Repeat only these lines, exactly: the first line of the data, the line containing "Zu einem Garagenbrand", and every line between them. Pictures stay out.

======== SUPPLIED INFORMATION

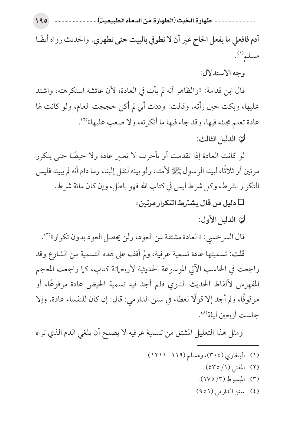 لو كانت العادة إذا تقدمت أو تأخرت لا تعتبر عادة ولا حيضًا حتى يتكرر مرتين أو ثلاثًا، لبينه الرسول صلى الله عليه وسلم لأمته، ولو بينه لنقل إلينا، وما دام أنه لم يبينه فليس التكرار بشرط، وكل شرط ليس في كتاب الله فهو باطل، وإن كان مائة شرط.
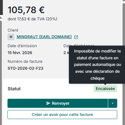 Exemple pour cette facture, je ne peux pas la passer en "non encaissé" car le prélèvement a été validé.
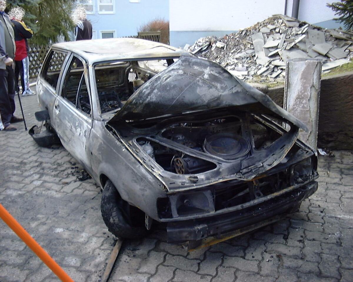 Zu einem Garagenbrand kam es am 23.02.2002 um ca. 21 Uhr in Aura. Durch das schnelle Eingreifen der Auraer Wehr konnte ein Übergreifen auf benachbarte Gebäude erfolgreich verhindert werden. Die engen Straßenverhältnisse an der Einsatzstelle gestalteten den Einsatz allerdings schwierig. Für mehr Personal, als das eingesetzte der Feuerwehr Aura, war schlichtweg kein Platz. Die Brandbekämpfung konnte auch nur von der Hofseite aus durchgeführt werden.
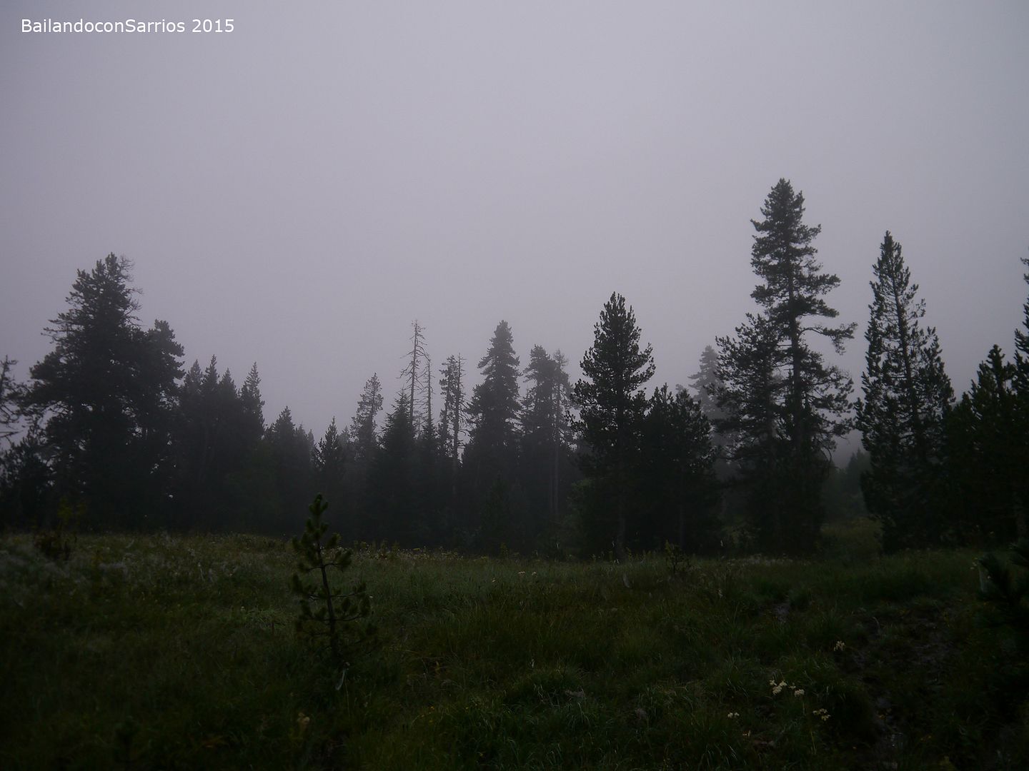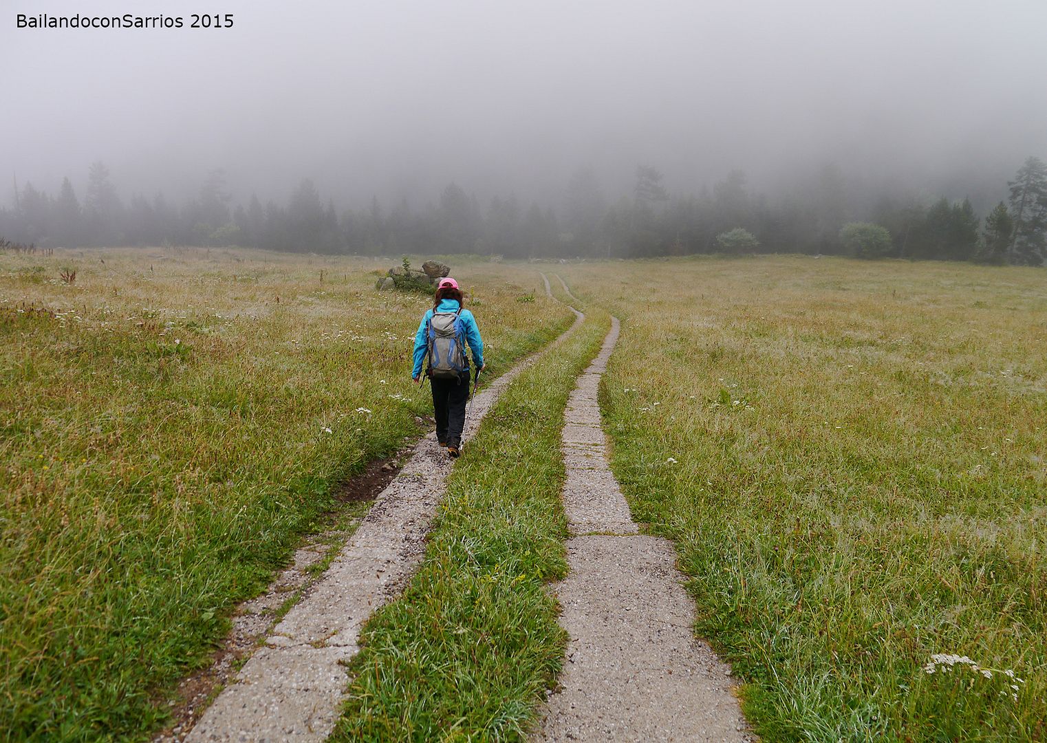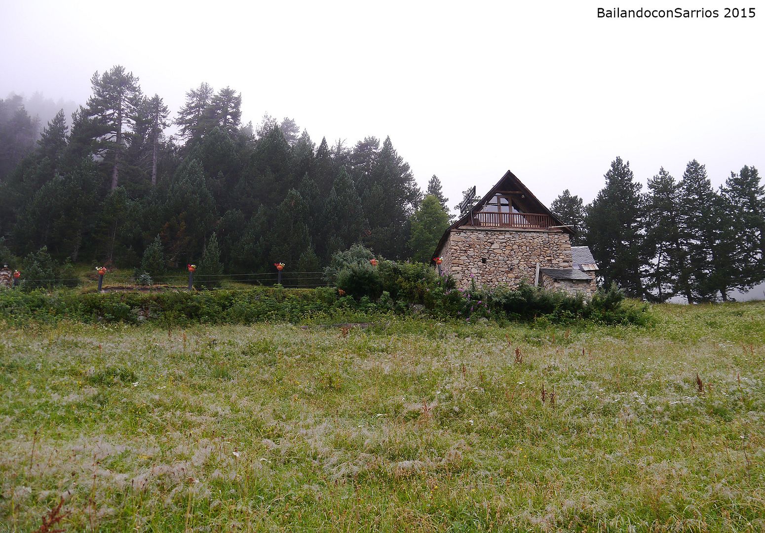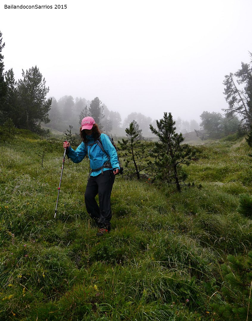 La pendiente se acentúa y la leve lluvia no da tregua, yo avanzo con cuidado, un paso mal dado y se irán al traste mis semanas previas de recuperación... casi sin darnos cuenta, nos plantamos en la pista forestal que comunica con el Pònt dera Montanheta y con Banhs de Tredòs, donde hacemos una parada para picar algo antes de continuar.

================

• _SOLUTION TO THE EXERCISE_
 لو كانت العادة إذا تقدمت أو تأخرت لا تعتبر عادة ولا حيضًا حتى يتكرر مرتين أو ثلاثًا، لبينه الرسول صلى الله عليه وسلم لأمته، ولو بينه لنقل إلينا، وما دام أنه لم يبينه فليس التكرار بشرط، وكل شرط ليس في كتاب الله فهو باطل، وإن كان مائة شرط.
 Exemple pour cette facture, je ne peux pas la passer en "non encaissé" car le prélèvement a été validé.
 Zu einem Garagenbrand kam es am 23.02.2002 um ca. 21 Uhr in Aura. Durch das schnelle Eingreifen der Auraer Wehr konnte ein Übergreifen auf benachbarte Gebäude erfolgreich verhindert werden. Die engen Straßenverhältnisse an der Einsatzstelle gestalteten den Einsatz allerdings schwierig. Für mehr Personal, als das eingesetzte der Feuerwehr Aura, war schlichtweg kein Platz. Die Brandbekämpfung konnte auch nur von der Hofseite aus durchgeführt werden.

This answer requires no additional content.